- _RAW DATA_:
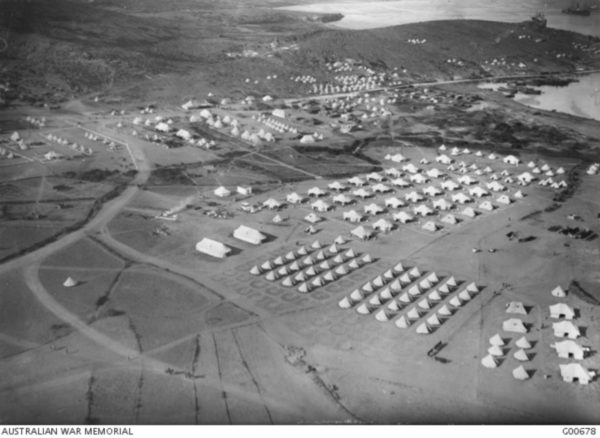 It was also the location of the overall Allied commander’s (General Sir Ian Hamilton) headquarters, with all the support that such a base of operations required. Along with medical services, Imbros was the location of field bakeries, including those run by Australian units, which supplied fresh bread to the Allied troops on the Peninsula. Aerial photographs from time reveal the extent of the large tented camp established near the shore of Kephalos Bay.
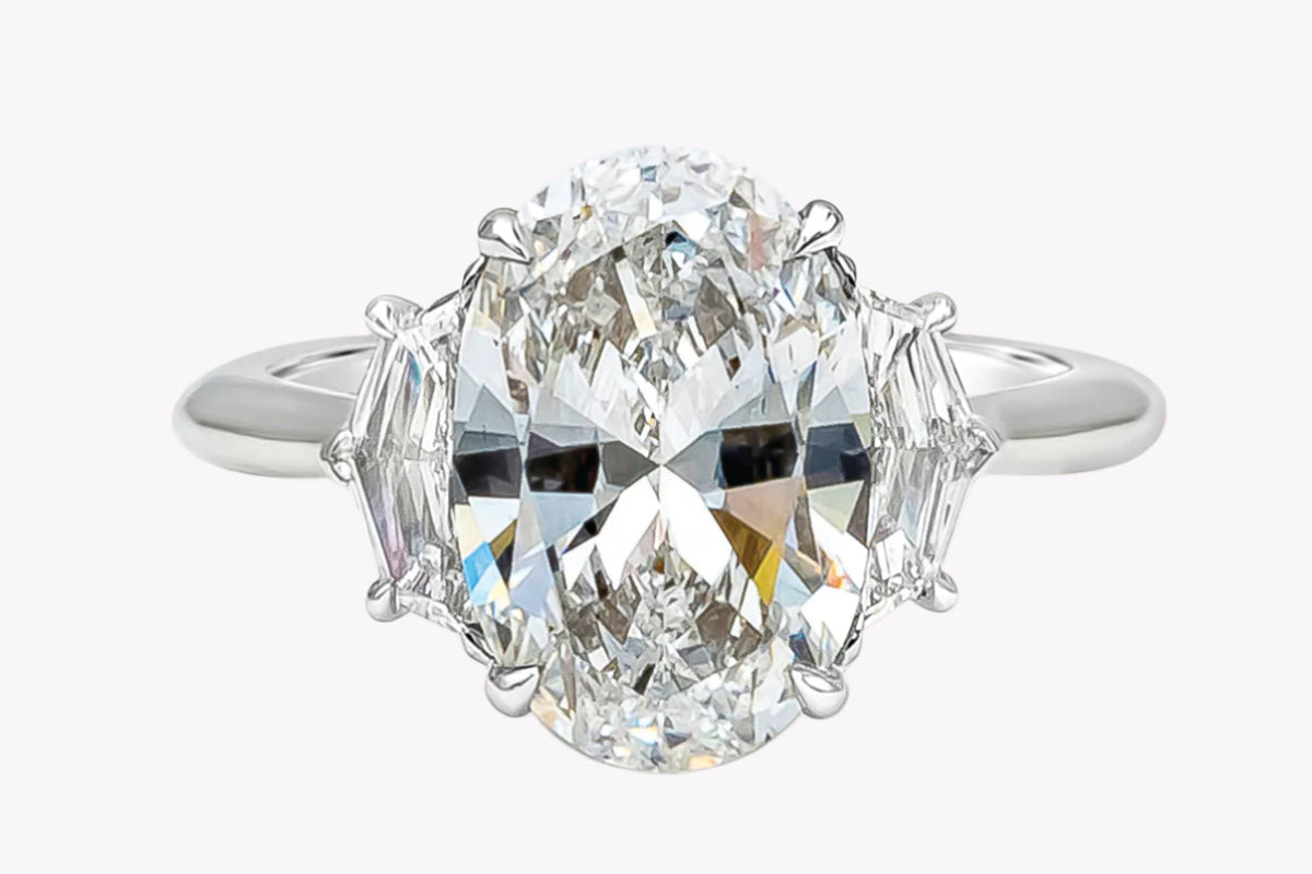 • Susan Arnold · From signing ceremonies to quiet desk work, jewellery should never feel like costume; this 000 certified 4.02 carat oval cut diamond three stone engagement ring relies on substantive oval craftsmanship and grounded brilliant white sparkle to avoid that.
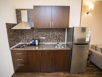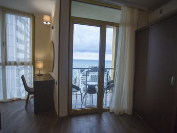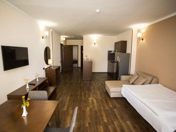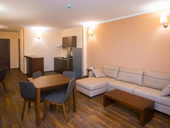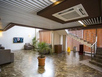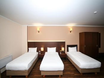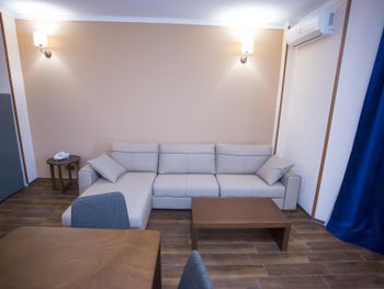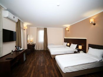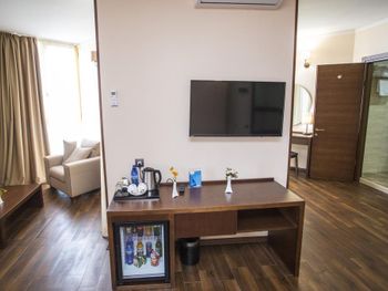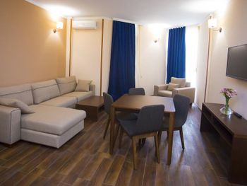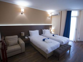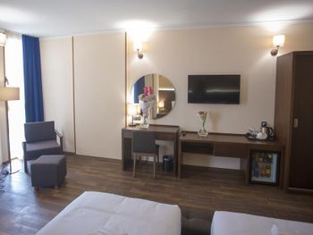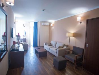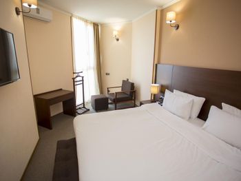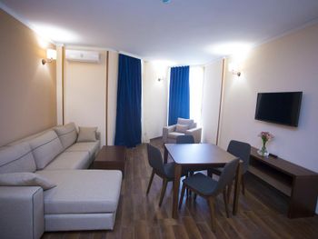 * Немного огорчил вид из окна, точнее с балкона. Раньше, справа, перед гостиницей было красивое поле зелёной травы, дальше начинался бульвар и виднелось море. Сейчас же, на месте поля, строят ТРЦ, поэтому вид стройки и её звуки, немножко портил красивую картинку. Понятно, что гостиница не в силах это поменять, но фотографии объекта можно было бы и обновить. * Плохая шумоизоляция, было слышно соседей, как будто они сидели в нашем номере. * Расположение унитаза в ванной комнате неудобное, упираешся бедром в деревянный короб раковины. * Жили в гостинице 5 ночей, уборка номера была лишь раз и то по запросу. Потом уже сами убирались по мере возможного и выносили мусор. * Очень неудобно, что у гостиницы нет парковки, хотя бы на несколько машин, чтобы приехавшие гости смогли нормально разгрузить чемоданы, а не искать в квартале или ещё дальше место остановки (так как многие дворовые въезды сейчас закрыты шлагбаумами). * Дорогие услуги прачечной и глажки. * Гостиница находится в 10 минутах от моря, большинство отдыхающих постояльцев ходит на пляж, странно что в номерах нет никакой мобильной сушилки, чтобы элементарно высушить вещи на балконе. В ванной комнате, возле душа есть верёвка, но сохнет там одежда плохо.

- _WHAT TO PRODUCE_: When you return the listing, keep it exact and omit any pictures it holds.

- _RESPONSE AREA_:
 It was also the location of the overall Allied commander’s (General Sir Ian Hamilton) headquarters, with all the support that such a base of operations required. Along with medical services, Imbros was the location of field bakeries, including those run by Australian units, which supplied fresh bread to the Allied troops on the Peninsula. Aerial photographs from time reveal the extent of the large tented camp established near the shore of Kephalos Bay.
 • Susan Arnold · From signing ceremonies to quiet desk work, jewellery should never feel like costume; this 000 certified 4.02 carat oval cut diamond three stone engagement ring relies on substantive oval craftsmanship and grounded brilliant white sparkle to avoid that.
 * Немного огорчил вид из окна, точнее с балкона. Раньше, справа, перед гостиницей было красивое поле зелёной травы, дальше начинался бульвар и виднелось море. Сейчас же, на месте поля, строят ТРЦ, поэтому вид стройки и её звуки, немножко портил красивую картинку. Понятно, что гостиница не в силах это поменять, но фотографии объекта можно было бы и обновить. * Плохая шумоизоляция, было слышно соседей, как будто они сидели в нашем номере. * Расположение унитаза в ванной комнате неудобное, упираешся бедром в деревянный короб раковины. * Жили в гостинице 5 ночей, уборка номера была лишь раз и то по запросу. Потом уже сами убирались по мере возможного и выносили мусор. * Очень неудобно, что у гостиницы нет парковки, хотя бы на несколько машин, чтобы приехавшие гости смогли нормально разгрузить чемоданы, а не искать в квартале или ещё дальше место остановки (так как многие дворовые въезды сейчас закрыты шлагбаумами). * Дорогие услуги прачечной и глажки. * Гостиница находится в 10 минутах от моря, большинство отдыхающих постояльцев ходит на пляж, странно что в номерах нет никакой мобильной сушилки, чтобы элементарно высушить вещи на балконе. В ванной комнате, возле душа есть верёвка, но сохнет там одежда плохо.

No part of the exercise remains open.